In old age, Douglass took on a number of protégés, including anti-​lynching crusader Ida Wells and educational reformer Booker T. Washington, who wrote one of the first biographies of Douglass. A story tells of Douglass being approached by a young man who asked what he should do with his life. “Agitate, agitate, agitate,” Douglass replied.

Further Readings

Foner, Philip, and Yuval Taylor, eds. Frederick Douglass: Selected Speeches and Writings. Chicago: Lawrence Hill Books, 1999.

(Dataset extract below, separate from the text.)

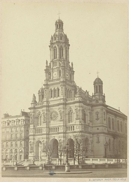 Curator: This gelatin silver print captures "Gezicht op het stadhuis in Brussel," or "View of the Brussels City Hall," taken sometime between 1870 and 1900 by Louis Antoine Pamard. What's your first take? Editor: It’s imposing, definitely a portrait of power. All that detailed architecture reaching towards the sky makes the building seem almost godlike, like a civic cathedral of sorts. Curator: The photograph itself becomes part of that story. A gelatin silver print means a specific historical production. We’re talking about industrialized darkroom practices, a shift towards mass reproducibility that allowed images like this to circulate widely, reinforcing those ideas of civic pride and authority across social classes. Editor: The tower’s ornamentation... It's practically dripping with symbolism. Look at the spire, reaching upwards, asserting dominance but also aspiration. Consider the figures placed deliberately to make you feel small and appreciate the magnitude of civic ideals represented by the City Hall. Curator: And think about the labor involved. Not just Pamard in the darkroom, but the construction of the City Hall itself. The raw materials sourced and transported, the stonemasons and craftspeople whose work is etched in every detail of the facade. This wasn't just about symbolism; it was about the physical embodiment of communal effort. Editor: Absolutely. The gothic revival style itself harkens back to a romanticized medieval past, invoking ideas of community and craftsmanship, and then layered with symbols and iconographic references that connect present aspirations with imagined histories. Curator: But let’s also consider that a photograph is never neutral. Pamard chose his angle, the time of day, perhaps even directed the placement of figures to emphasize his chosen narrative about the city's grandeur. These details are constructed as carefully as the building itself. Editor: And they carry weight, defining how we understand the city's values. It’s an expertly crafted stage for Belgium to declare itself in a modern age. Curator: So, in examining "Gezicht op het stadhuis in Brussel," we see not just a building, but the intersection of materials, labor, and symbolic power, each reinforcing the other. Editor: Indeed. A silent story about aspirations etched in stone and captured in silver.

Gates, Henry Louis, ed. Douglass: Autobiographies. New York: Library of America, 1994.

Martin, Waldo E. The Mind of Frederick Douglass. Chapel Hill: University of North Carolina Press, 1984.

Mayer, Henry. All on Fire: William Lloyd Garrison and the Abolition of Slavery. New York: St. Martin’s, 1998.

McFeely, William. Frederick Douglass. New York: W. W. Norton, 1992.

Quarles, Benjamin. Frederick Douglass. New York: Da Capo, 1997.